Event knowledge graph (EKG) is a method of representing real-world entities, events, their attributes, and the relations between them in a graph structure. The EKG has been applied in manufacturing industry to empower intelligence manufacturing. But there are limitations of generic EKG in addressing manufacturing issues. Because in the manufacturing industry, there is not only text-type knowledge but also signals, images, videos, etc. In particular, some of the relations between entities/events of the knowledge are in the form of formulas, functions, and even trained artificial intelligence models. This kind of knowledge is called Functional Knowledge in this paper. The generic EKG is suitable for representing text-type knowledge but not Functional Knowledge. Thus, the research aims to present a new kind of EKG that has the ability to represent various types of knowledge, especially Functional Knowledge. In this regard, an intelligent dynamic Industrial Event Knowledge Graph (IEKG) is proposed. Firstly, Functional Relation, Functional Triple, and a knowledge representation model based on property graphs for the schema layer of IEKG are proposed for representing Functional Knowledge. Secondly, a dynamic construction method of the instance layer of IEKG based on the event triggering mechanism is proposed, which enables the IEKG to be constructed dynamically with the production operation.
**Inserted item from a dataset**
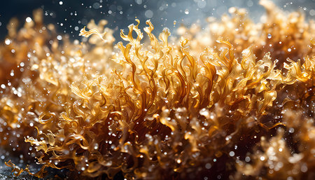 Close-up of vibrant yellow edible seaweed glistening in the sunlight
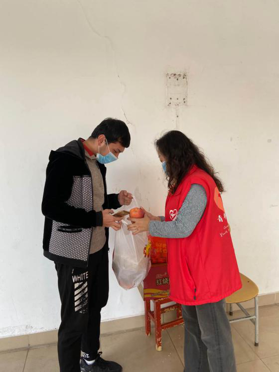 对于留校的13名同学,学院从线上线下多方位进行关心关注,每日掌握留校学生的动态信息,并了解他们的需求,为他们购置所需物品,并贴心地为他们送上水果,鼓励他们坚定信心,共同打赢这场攻坚战。

Third, the constructed IEKG is applied in production monitoring using a novel graph similarity-based process stability evaluation method. Finally, a web application encapsulating our theory was developed and applied on a kneading machine in a prebaked carbon anode factory. The result shows that our proposed method has the ability to represent Functional Knowledge. Compared to the existing EKG, it has a better and broader ability of knowledge representation. The application of process stability evaluation demonstrates the potential of IEKG in addressing manufacturing issues.

Suggested Citation

  • Qingzong Li & Pingyu Jiang & Jianwei Wang & Maolin Yang & Yuqian Yang, 2025. "A kind of intelligent dynamic industrial event knowledge graph and its application in process stability evaluation," Journal of Intelligent Manufacturing, Springer, vol. 36(3), pages 1801-1818, March.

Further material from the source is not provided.